-------- Exercise data

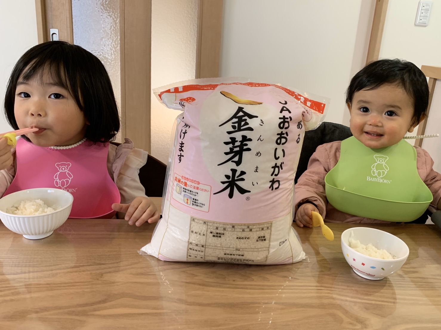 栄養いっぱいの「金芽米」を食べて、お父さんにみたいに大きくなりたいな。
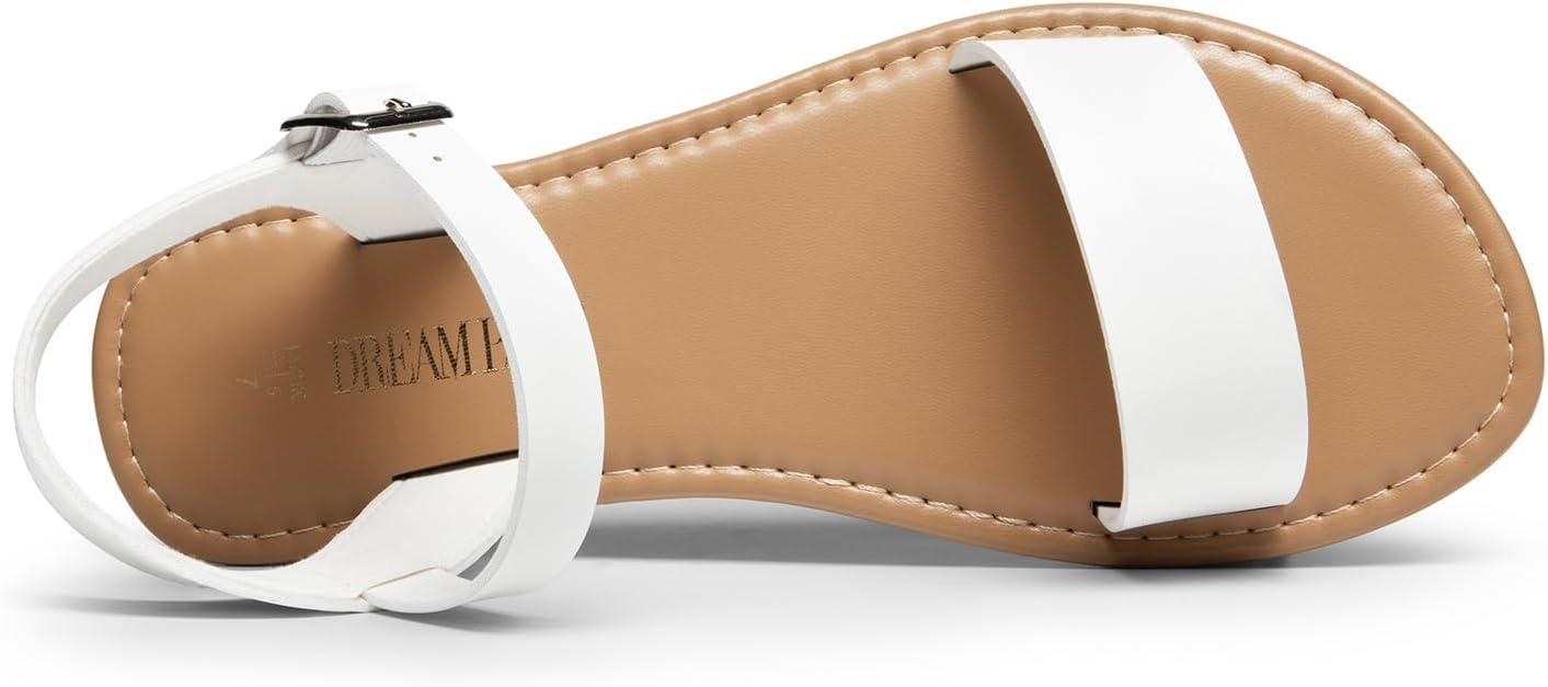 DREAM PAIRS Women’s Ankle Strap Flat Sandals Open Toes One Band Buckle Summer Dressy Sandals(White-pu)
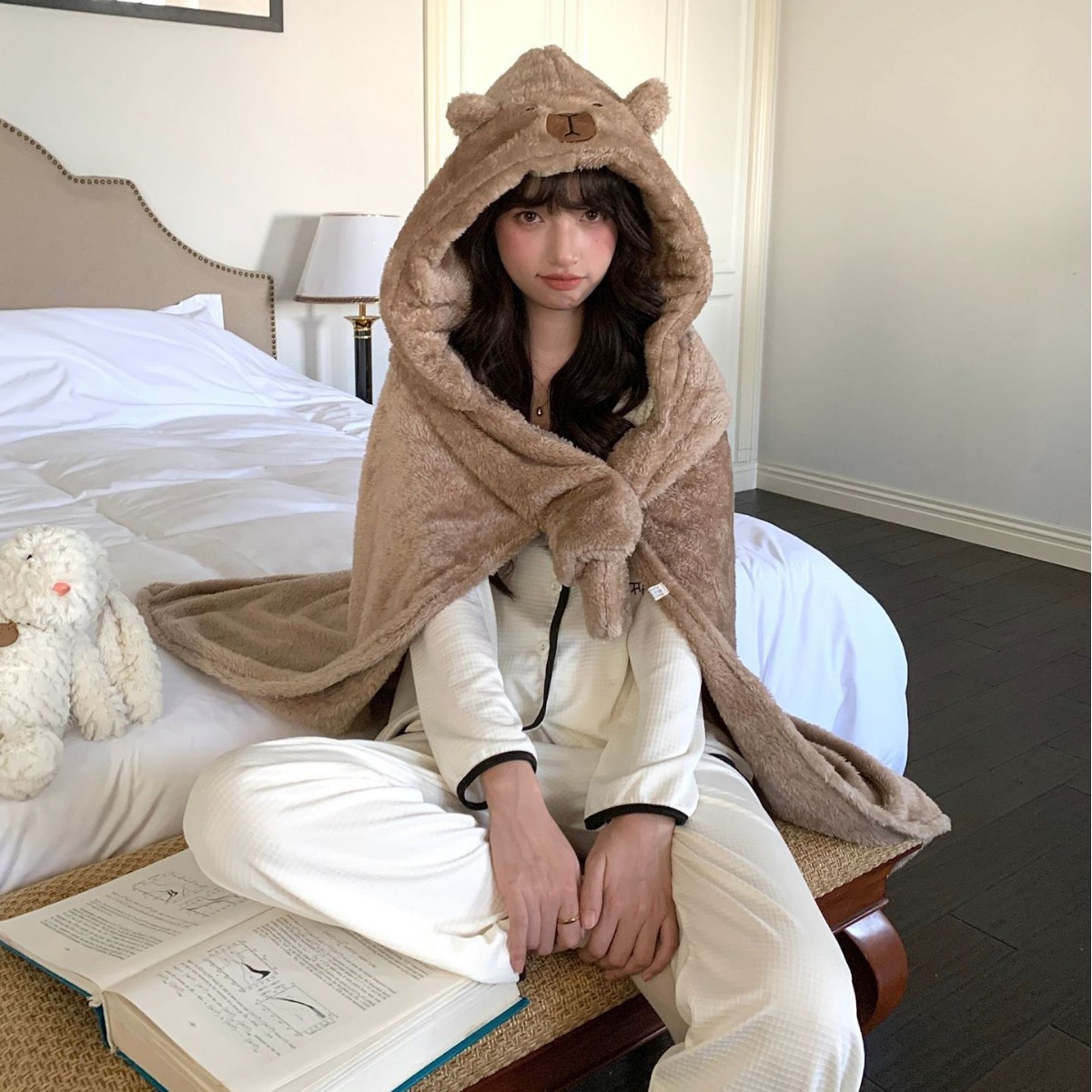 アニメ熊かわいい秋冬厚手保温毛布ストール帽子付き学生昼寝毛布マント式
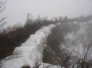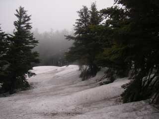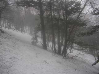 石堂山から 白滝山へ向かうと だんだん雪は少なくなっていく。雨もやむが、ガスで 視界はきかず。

----------------
-------- Exercise data

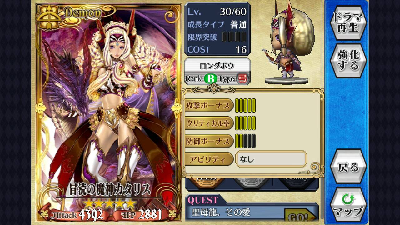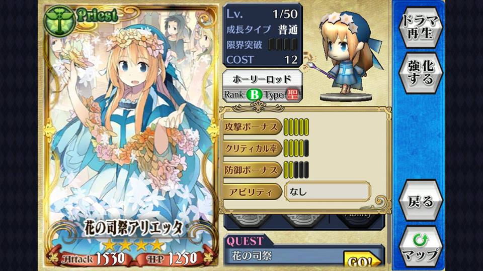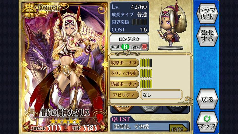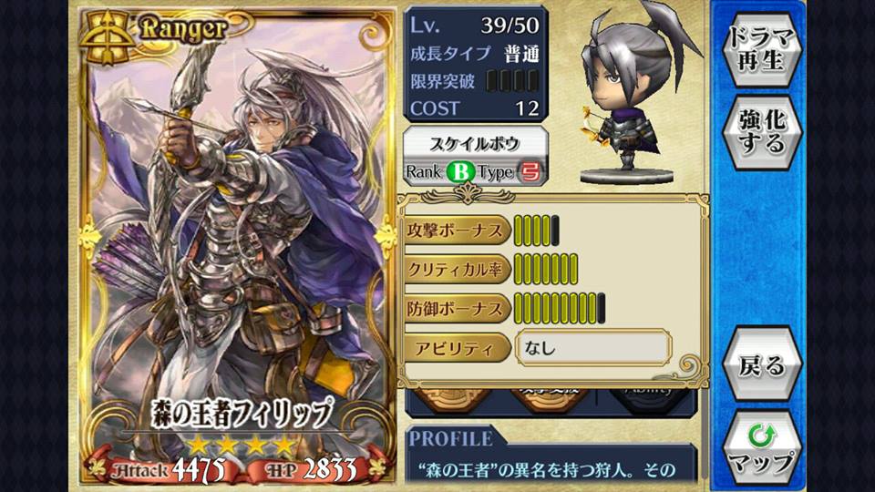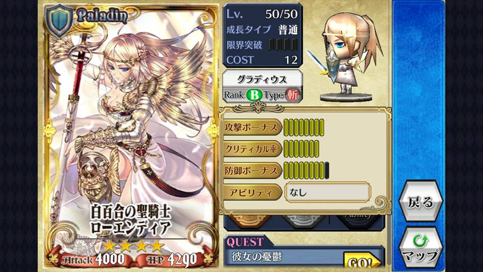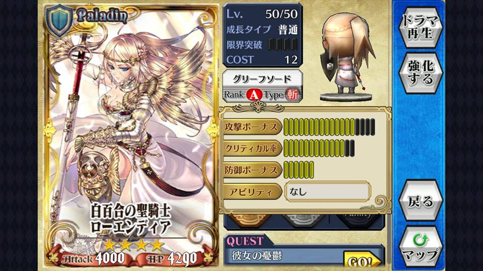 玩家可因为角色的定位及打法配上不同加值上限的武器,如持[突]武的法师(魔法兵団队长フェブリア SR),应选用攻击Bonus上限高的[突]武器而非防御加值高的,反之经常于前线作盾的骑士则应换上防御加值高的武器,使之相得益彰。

----------------

**Your objective**
Skipping every picture, transcribe exactly the lines above from the one containing "栄養いっぱいの「金芽米」を食べて、お父さんにみたいに大きくなりたいな。" through the one containing "石堂山から 白滝山へ向かうと だんだん雪は少なくなっていく。雨もやむが、ガスで", both included.

**Solution to this task**
 栄養いっぱいの「金芽米」を食べて、お父さんにみたいに大きくなりたいな。
 DREAM PAIRS Women’s Ankle Strap Flat Sandals Open Toes One Band Buckle Summer Dressy Sandals(White-pu)
 アニメ熊かわいい秋冬厚手保温毛布ストール帽子付き学生昼寝毛布マント式
 石堂山から 白滝山へ向かうと だんだん雪は少なくなっていく。雨もやむが、ガスで 視界はきかず。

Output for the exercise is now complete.